Seattle Public Schools

Inclusivity in the IB Program

Summary: The IB program is a series of courses developed for juniors and seniors that incorporate the best elements of college prep from numerous countries.

International Baccalaureate Program Making Strides in Inclusivity

On an early Monday morning, students at Chief Sealth International High School make their way to class – well before the official 8:45 a.m. start time. It’s 0 Period – a class taken before school – and students in the Chief Sealth’s International Baccalaureate (IB) Music class are in their seats ready to work. There are no instruments or singing; the teacher plays a video of a symphony as the students quickly take notes. Because in IB, it is all about understanding the process, not producing a product.

The IB program is a series of courses developed for juniors and seniors that incorporate the best elements of college prep from numerous countries. Students learn how to critically analyze, thoughtfully question, and carefully reach conclusions about cultures, languages, literature, mathematics, and the world.

As part of the district’s strategic plan, SPS is working to increase its efforts to expand access to advanced coursework for students of color who are furthest away from educational justice. Part of this work involves significantly expanding student access to IB in schools that have adopted this program. Ultimately, our mission is to help all students – especially our African American males – leave SPS prepared for college, a career, and community participation. Access to advanced coursework is one key step in that effort.

For students who shy away from advanced coursework, entering a program as rigorous as IB may sound daunting. But the IB coordinators at Chief Sealth International, Rainier Beach and Ingraham high schools have all developed strategies to not only attract students to the program, but also keep them coming back. The structure is opening doors to advanced coursework for students who would otherwise find them closed.

IB at Chief Sealth International High School

Allison Hays is in her 4th year as IB coordinator for Chief Sealth International.

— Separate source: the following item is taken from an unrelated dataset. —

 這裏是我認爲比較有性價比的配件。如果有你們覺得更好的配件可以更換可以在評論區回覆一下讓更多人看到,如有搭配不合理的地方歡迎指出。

The fact that the school is an international high school is a win for a program designed around global thinking.

“[IB] encourages multilingualism, which plays well with our diverse community of students,” Hays said. “It also works well with our Spanish immersion program. It provides a lot of options for getting an international education.”

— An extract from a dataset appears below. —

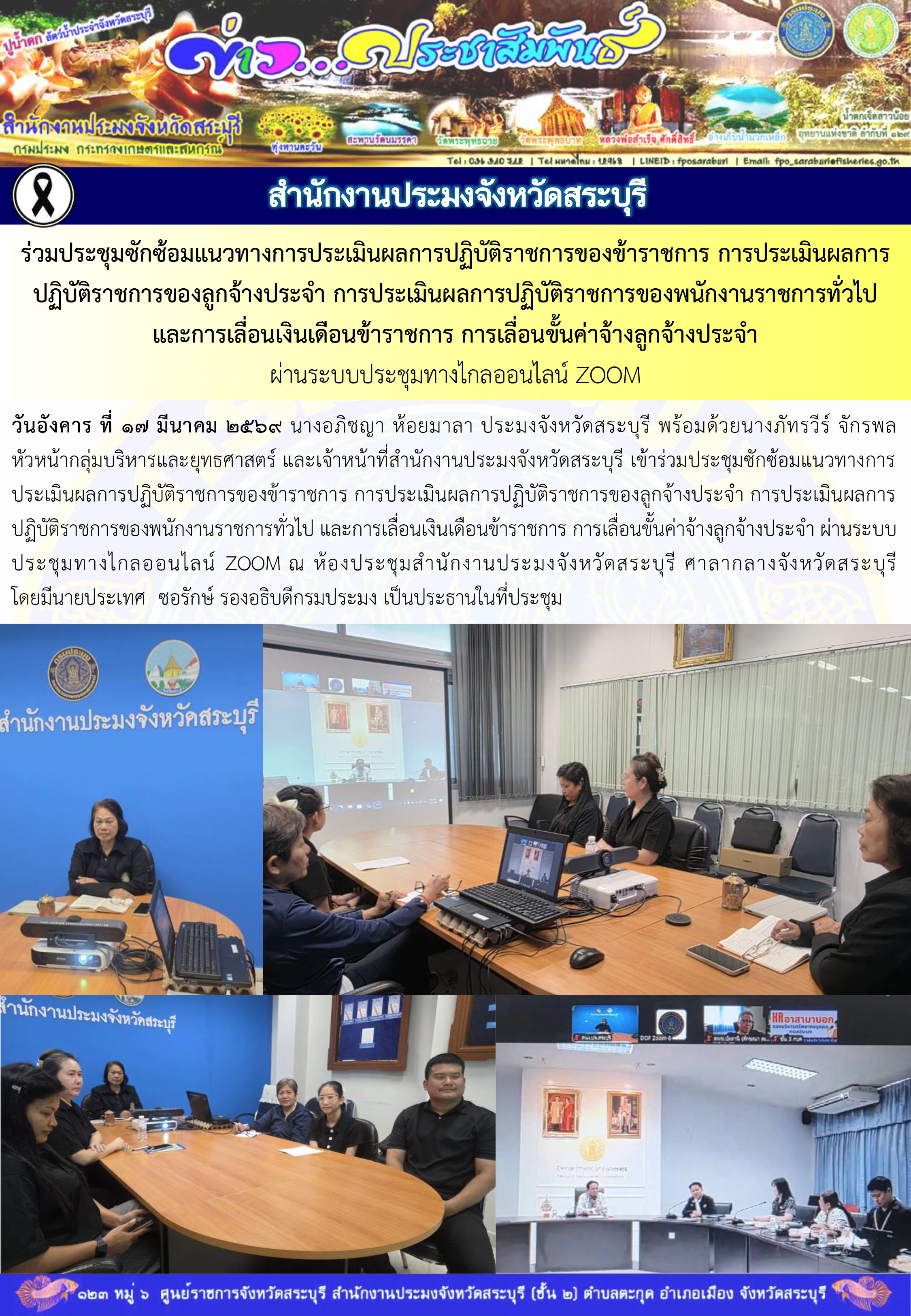 วันอังคาร ที่ 17 มีนาคม 2569 นางอภิชญา ห้อยมาลา ประมงจังหวัดสระบุรี พร้อมด้วยนางภัทรวีร์ จักรพล หัวหน้ากลุ่มบริหารและยุทธศาสตร์ และเจ้าหน้าที่สำนักงานประมงจังหวัดสระบุรี เข้าร่วมประชุมซักซ้อมแนวทางการประเมินผลการปฏิบัติราชการของข้าราชการ การประเมินผลการปฏิบัติราชการของลูกจ้างประจำ การประเมินผลการปฏิบัติราชการของพนักงานราชการทั่วไป และการเลื่อนเงินเดือนข้าราชการ การเลื่อนขั้นค่าจ้างลูกจ้างประจำ ผ่านระบบประชุมทางไกลออนไลน์ ZOOM ณ ห้องประชุมสำนักงานประมงจังหวัดสระบุรี ศาลากลางจังหวัดสระบุรี โดยมีนายประเทศ  ซอรักษ์ รองอธิบดีกรมประมง เป็นประธานในที่ประชุม

While COVID-19 has altered the future for a generation of students, Hays said the pandemic led to a boost in IB enrollment.

“Our numbers have been really high, and I have a lot more students who have chosen to participate in the program,” she said. “I think more students just want the stability and regularity of being at their community school and choosing to do the IB program over something like Running Start.”

Students have the option to choose from two pathways: IB Diploma or IB Career-Related program. Chief Sealth has 23 seniors and 60 juniors enrolled in IB Diploma.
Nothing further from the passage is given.